• _Problem statement_:
Write the records out again exactly, leaving no images in.

(Excerpts from a dataset)
[Start of section]
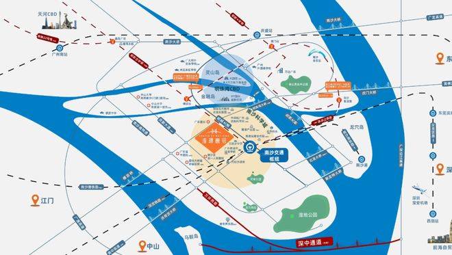 位置是项目最大的亮点之一。它坐落在南沙万顷沙板块,属于南沙枢纽区块的核心地带,紧邻规划中的综合生活服务区和商业中心。地铁18号线万顷沙站就在项目附近,大概2公里左右的距离,这条快线设计时速很高,通勤效率在南沙片区算得上顶尖。从这里出发,30分钟左右就能直达珠江新城,相比其他板块的总价和首付门槛低不少,性价比在广州东南西北几个方向里都很有竞争力。深中通道的通车进一步放大了交通优势,让项目到深圳前海的实际距离和时间都缩短明显,未来跨城通勤会越来越方便。加上周边规划的八轨交汇,包括高铁、城轨和地铁,交通网络密度高,连接广深港珠澳的辐射能力很强,属于典型的轨道枢纽型社区。
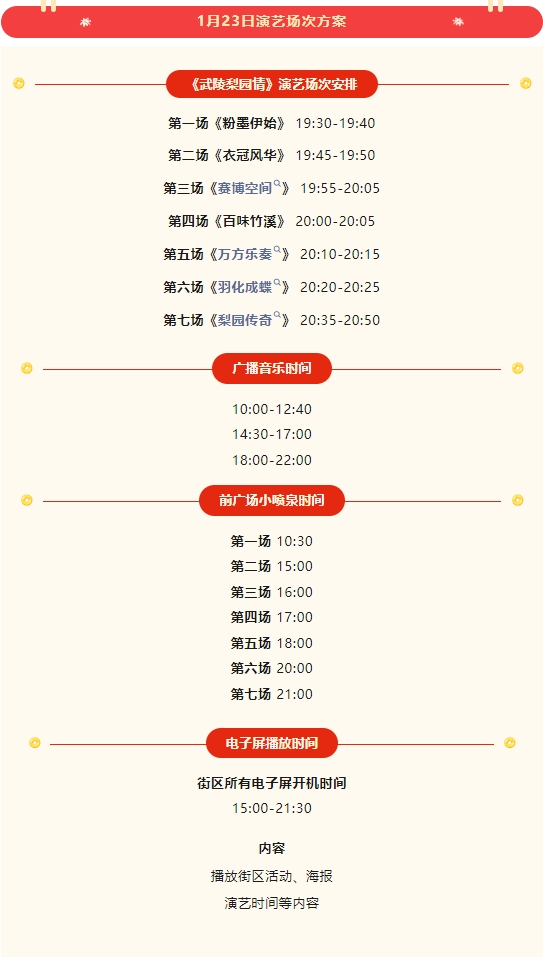 1月23日,武陵不夜城演艺节目单来啦
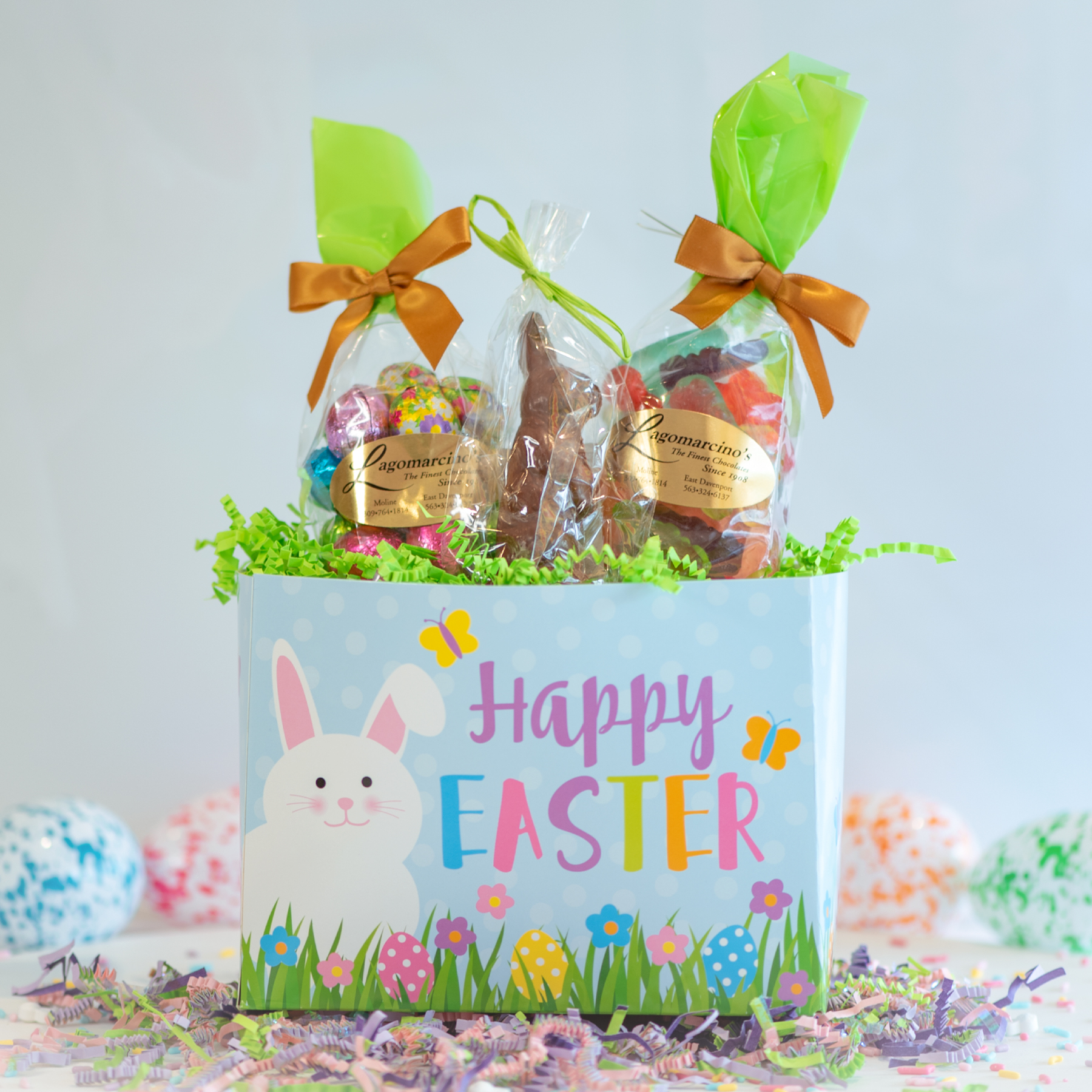 This Easter basket includes: a 4 inch Solid Chocolate Bunny, 1/2lb of Easter Gummies, 1/2 lb. of Easter Milk Chocolate Foil wrapped chocolates, and three Chocolate Covered Oreos.
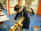 Каждый будний день в учебный корпус Инари нас возит на машине один из преподавателей и так же привозит. Расстояние между Инари и Ивало 40км. Завтракаем в 7.30, обед в 11.45 и ужинаем в хостеле Ивало с 16.00-17.00. А в субботу и воскресенье отдыхаем. Здесь очень интересные предметы, я занимаюсь разработкой и изготовлением различных изделий из кожи и меха оленя, так же самостоятельно занимаюсь живописью и рисунком в арт-мастерской. Сшила из кожи национальную саамскую сумочку и кошелек, а в данное время обрабатываю шкуру оленя, для того, чтобы сшить финские «унты» с таким закрученным носиком. Саша же работает с костью и рогом оленя, делает различные ножи и украшения.
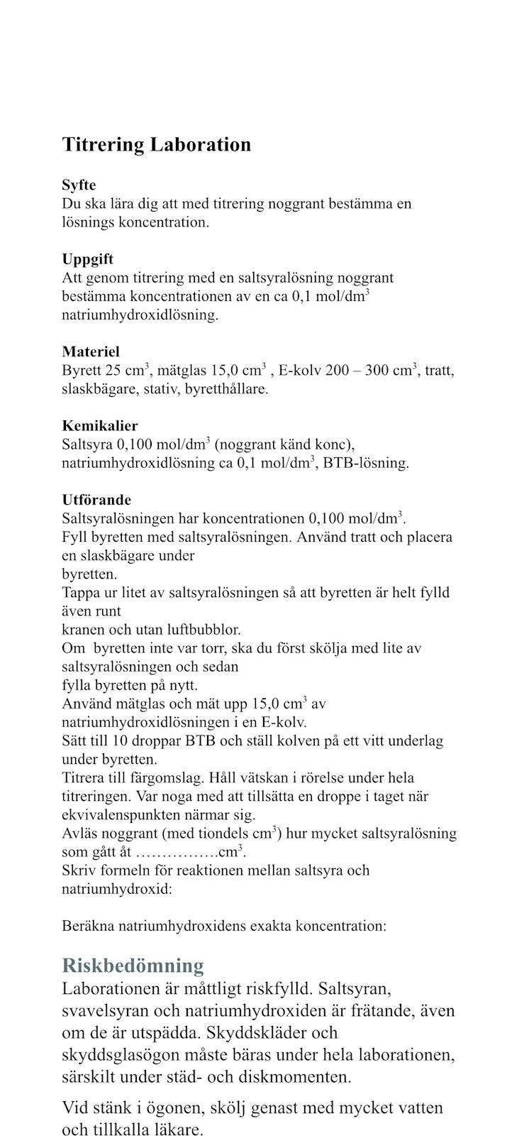 Genom detta vet du nu att substansmängden NaOH var 0,0003 mol. Och du vet volymen av natriumhydroxid (i cm3) som du började med, så nu kan du räkna ut koncentrationen av natriumhydroxidlösningen.
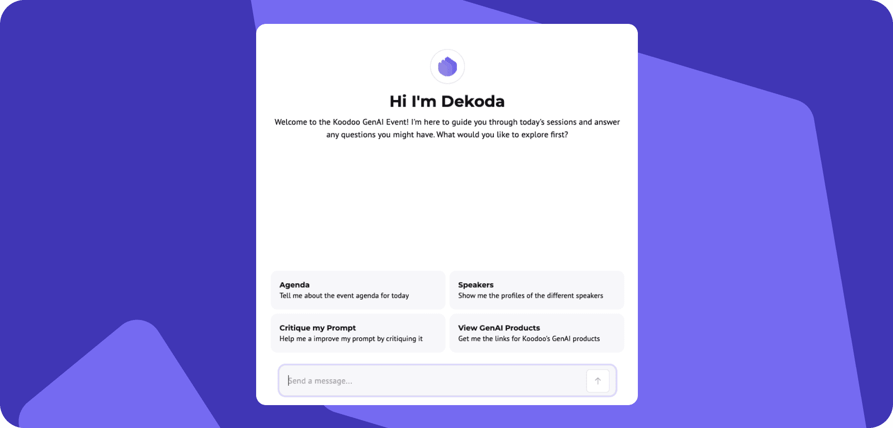 For our recent Koodoo AI Decoded 2:0 event, we custom-built a bespoke chatbot for the event, called Dekoda, to act as a personal assistant to our attendees. Dekoda was the one-stop-shop for all event interactions and enquiries, effectively and seamlessly managing various tasks such as presenting the agenda, distributing materials, assisting with interactive sessions, facilitating polls and Q&A sessions and last but not least, telling guests where the toilets are!
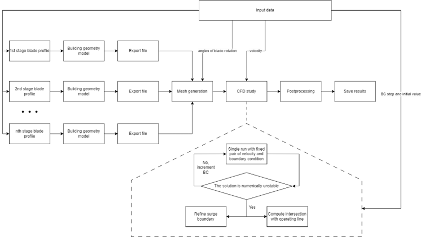 传统的压缩机图构建流程如图11所示,涵盖从CAD几何建模、网格生成、CFD仿真到结果提取与喘振边界辨识等步骤,全程需人工介入数据传递与迭代控制。
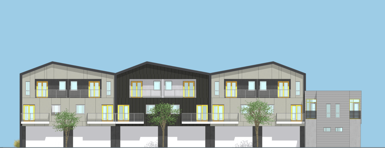7 new townhomes for a transitioning neighborhood in Pasadena. We worked closely with our client to curate an architecture reminiscent of Craftsman overhanging eaves fit into a modern townhome typology.
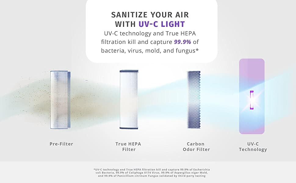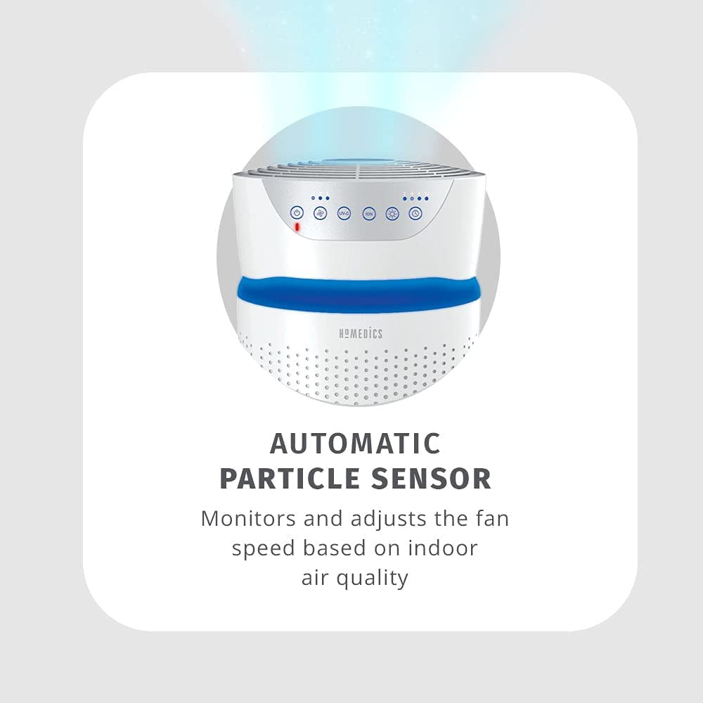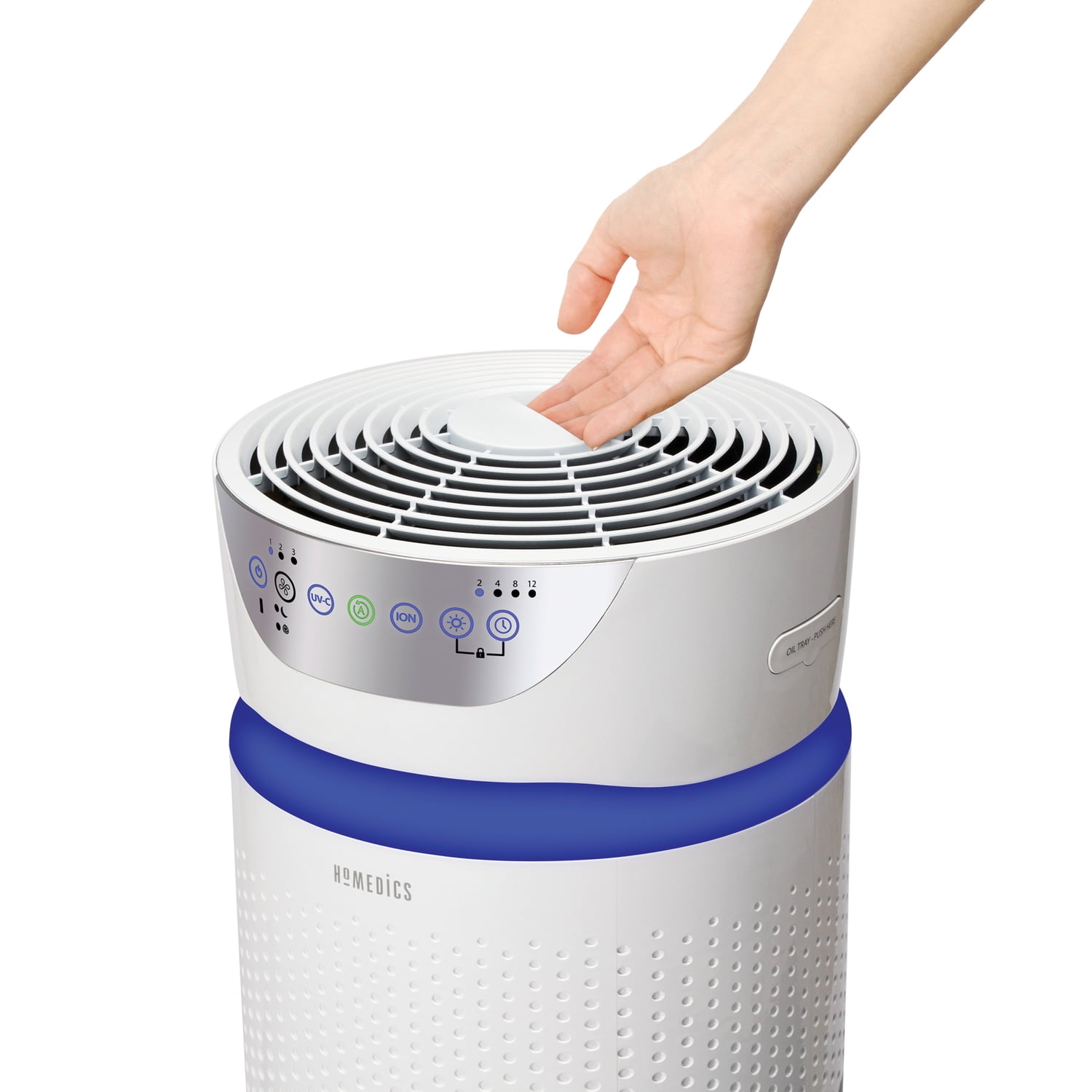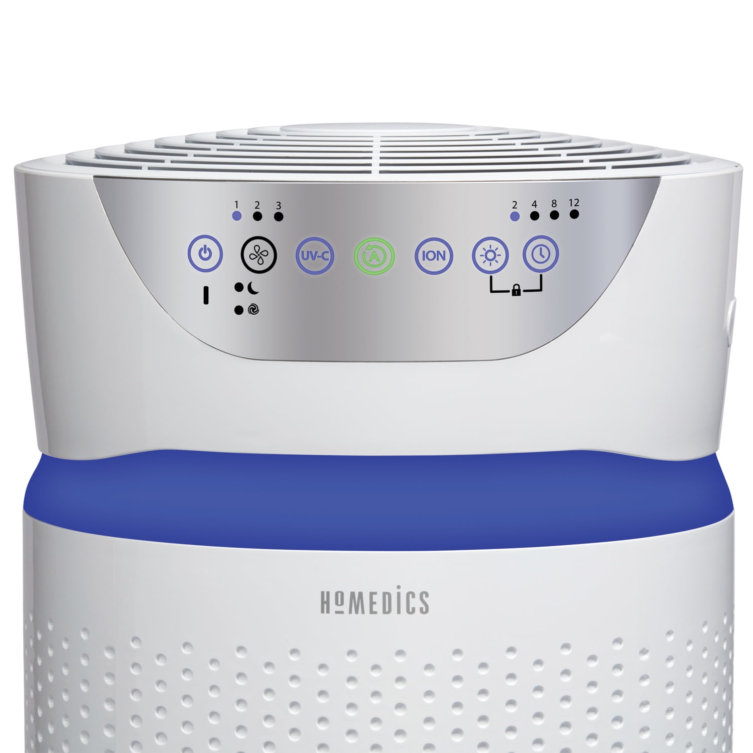 BREATHE EASIER – The Homedics 5-in-1 UV-C Air Purifier reduces pollen, pet dander, germs, smoke, and more with 5 lines of defense to achieve clean air for all; perfect as a large room air purifier and for spaces up to 1,192 sq. ft COMPLETE CLEAN – UV-C technology and HEPA-type filtration reduce and capture 99.97% of airborne particles*; built-in carbon air filter reduces odor and VOCs while the pre-filter captures larger particles; turn on the air ionizer to enhance purification SET YOUR PERFECT MOOD – The perfect bedtime mood can be set in seconds with the optional night-light; add your favorite scent to the HEPA home air purifiers with 3 included essential oil pads and pair with Ellia Essential Oils (sold separately) CUSTOMIZED SETTINGS – Choose from 3 speed settings on the ionizer air purifier to customize your clean; built-in auto-off timer for timed use up to 12 hours WHAT’S IN THE BOX – (1) Large Homedics 5-in-1 Air Purifier, (1) HEPA-type filter with built-in pre-filter and carbon odor filter, (3) essential oil pads, (1) quick start -guide
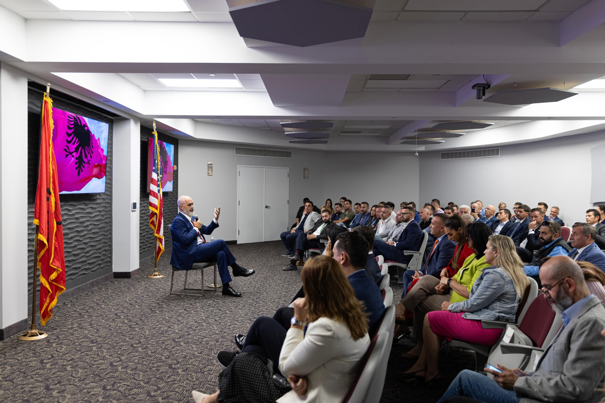 Me ftesë të aktivistit shqiptar dhe kreut të Këshillit Kombëtar të Diasporës Mark Gjonaj, Kryeministri Rama zhvilloi një bashkëbisedim me përfaqësues të shoqatave shqiptare në Amerikë.
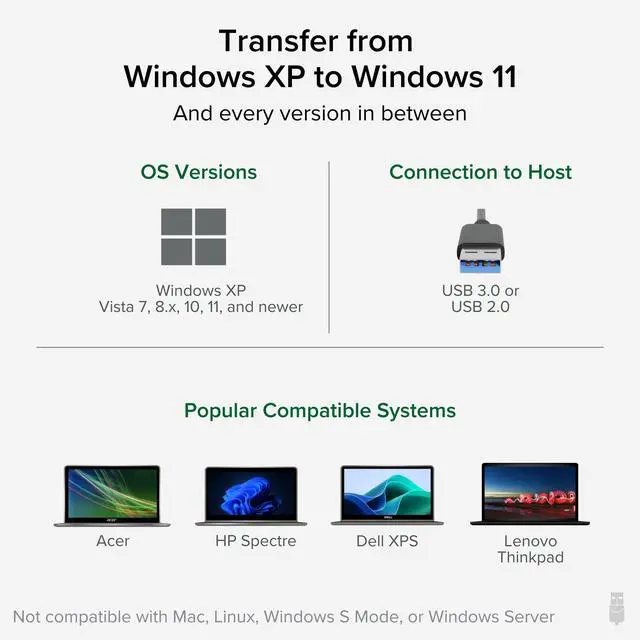 Important: This cable is designed for transferring files and folders only. Installed programs and applications cannot be transferred and must be reinstalled from their original discs or installation files.
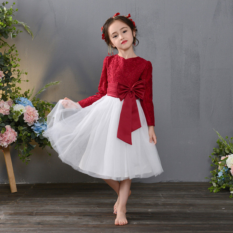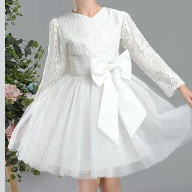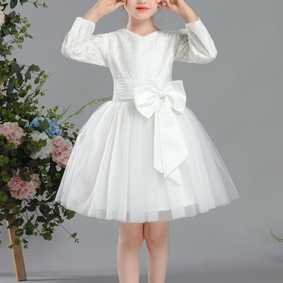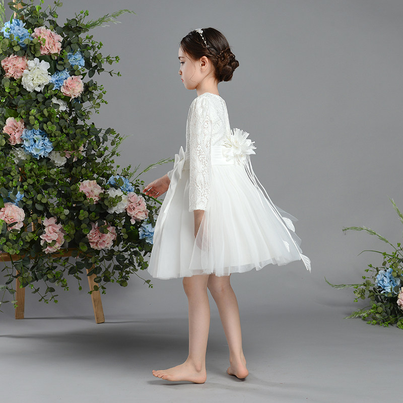 繊細なレース素材の長袖トップスと、ふんわり広がるチュールスカートが組み合わさった上品なピアノ発表会用ドレスです。
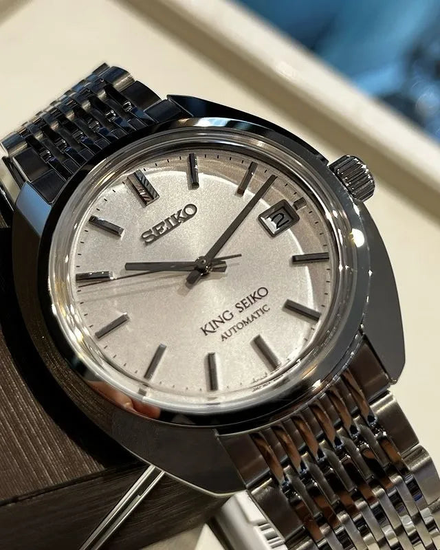 キングセイコーが2022年に満を持してセイコーのラインナップに復活した際のシリーズ第一弾。 ケース系は37mmと小ぶりでドレッシーな仕上がりに。 KSKデザインならではのカッコよさは勿論、小さいながらもしっかりと存在感を感じられます。
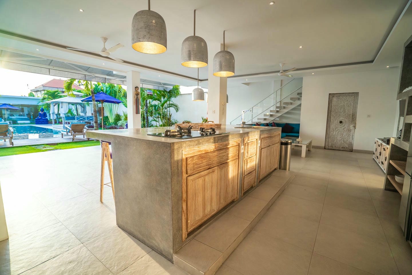 Les espaces extérieurs sont pensés dans un esprit resort, avec une impressionnante piscine de 17 x 6 mètres entourée de transats, de jardins paysagers et de plusieurs espaces de détente.
[End of section]
• _Response_:
 位置是项目最大的亮点之一。它坐落在南沙万顷沙板块,属于南沙枢纽区块的核心地带,紧邻规划中的综合生活服务区和商业中心。地铁18号线万顷沙站就在项目附近,大概2公里左右的距离,这条快线设计时速很高,通勤效率在南沙片区算得上顶尖。从这里出发,30分钟左右就能直达珠江新城,相比其他板块的总价和首付门槛低不少,性价比在广州东南西北几个方向里都很有竞争力。深中通道的通车进一步放大了交通优势,让项目到深圳前海的实际距离和时间都缩短明显,未来跨城通勤会越来越方便。加上周边规划的八轨交汇,包括高铁、城轨和地铁,交通网络密度高,连接广深港珠澳的辐射能力很强,属于典型的轨道枢纽型社区。
 1月23日,武陵不夜城演艺节目单来啦
 This Easter basket includes: a 4 inch Solid Chocolate Bunny, 1/2lb of Easter Gummies, 1/2 lb. of Easter Milk Chocolate Foil wrapped chocolates, and three Chocolate Covered Oreos.
 Каждый будний день в учебный корпус Инари нас возит на машине один из преподавателей и так же привозит. Расстояние между Инари и Ивало 40км. Завтракаем в 7.30, обед в 11.45 и ужинаем в хостеле Ивало с 16.00-17.00. А в субботу и воскресенье отдыхаем. Здесь очень интересные предметы, я занимаюсь разработкой и изготовлением различных изделий из кожи и меха оленя, так же самостоятельно занимаюсь живописью и рисунком в арт-мастерской. Сшила из кожи национальную саамскую сумочку и кошелек, а в данное время обрабатываю шкуру оленя, для того, чтобы сшить финские «унты» с таким закрученным носиком. Саша же работает с костью и рогом оленя, делает различные ножи и украшения.
 Genom detta vet du nu att substansmängden NaOH var 0,0003 mol. Och du vet volymen av natriumhydroxid (i cm3) som du började med, så nu kan du räkna ut koncentrationen av natriumhydroxidlösningen.
 For our recent Koodoo AI Decoded 2:0 event, we custom-built a bespoke chatbot for the event, called Dekoda, to act as a personal assistant to our attendees. Dekoda was the one-stop-shop for all event interactions and enquiries, effectively and seamlessly managing various tasks such as presenting the agenda, distributing materials, assisting with interactive sessions, facilitating polls and Q&A sessions and last but not least, telling guests where the toilets are!
 传统的压缩机图构建流程如图11所示,涵盖从CAD几何建模、网格生成、CFD仿真到结果提取与喘振边界辨识等步骤,全程需人工介入数据传递与迭代控制。
7 new townhomes for a transitioning neighborhood in Pasadena. We worked closely with our client to curate an architecture reminiscent of Craftsman overhanging eaves fit into a modern townhome typology.
 BREATHE EASIER – The Homedics 5-in-1 UV-C Air Purifier reduces pollen, pet dander, germs, smoke, and more with 5 lines of defense to achieve clean air for all; perfect as a large room air purifier and for spaces up to 1,192 sq. ft COMPLETE CLEAN – UV-C technology and HEPA-type filtration reduce and capture 99.97% of airborne particles*; built-in carbon air filter reduces odor and VOCs while the pre-filter captures larger particles; turn on the air ionizer to enhance purification SET YOUR PERFECT MOOD – The perfect bedtime mood can be set in seconds with the optional night-light; add your favorite scent to the HEPA home air purifiers with 3 included essential oil pads and pair with Ellia Essential Oils (sold separately) CUSTOMIZED SETTINGS – Choose from 3 speed settings on the ionizer air purifier to customize your clean; built-in auto-off timer for timed use up to 12 hours WHAT’S IN THE BOX – (1) Large Homedics 5-in-1 Air Purifier, (1) HEPA-type filter with built-in pre-filter and carbon odor filter, (3) essential oil pads, (1) quick start -guide
 Me ftesë të aktivistit shqiptar dhe kreut të Këshillit Kombëtar të Diasporës Mark Gjonaj, Kryeministri Rama zhvilloi një bashkëbisedim me përfaqësues të shoqatave shqiptare në Amerikë.
 Important: This cable is designed for transferring files and folders only. Installed programs and applications cannot be transferred and must be reinstalled from their original discs or installation files.
 繊細なレース素材の長袖トップスと、ふんわり広がるチュールスカートが組み合わさった上品なピアノ発表会用ドレスです。
 キングセイコーが2022年に満を持してセイコーのラインナップに復活した際のシリーズ第一弾。 ケース系は37mmと小ぶりでドレッシーな仕上がりに。 KSKデザインならではのカッコよさは勿論、小さいながらもしっかりと存在感を感じられます。
 Les espaces extérieurs sont pensés dans un esprit resort, avec une impressionnante piscine de 17 x 6 mètres entourée de transats, de jardins paysagers et de plusieurs espaces de détente.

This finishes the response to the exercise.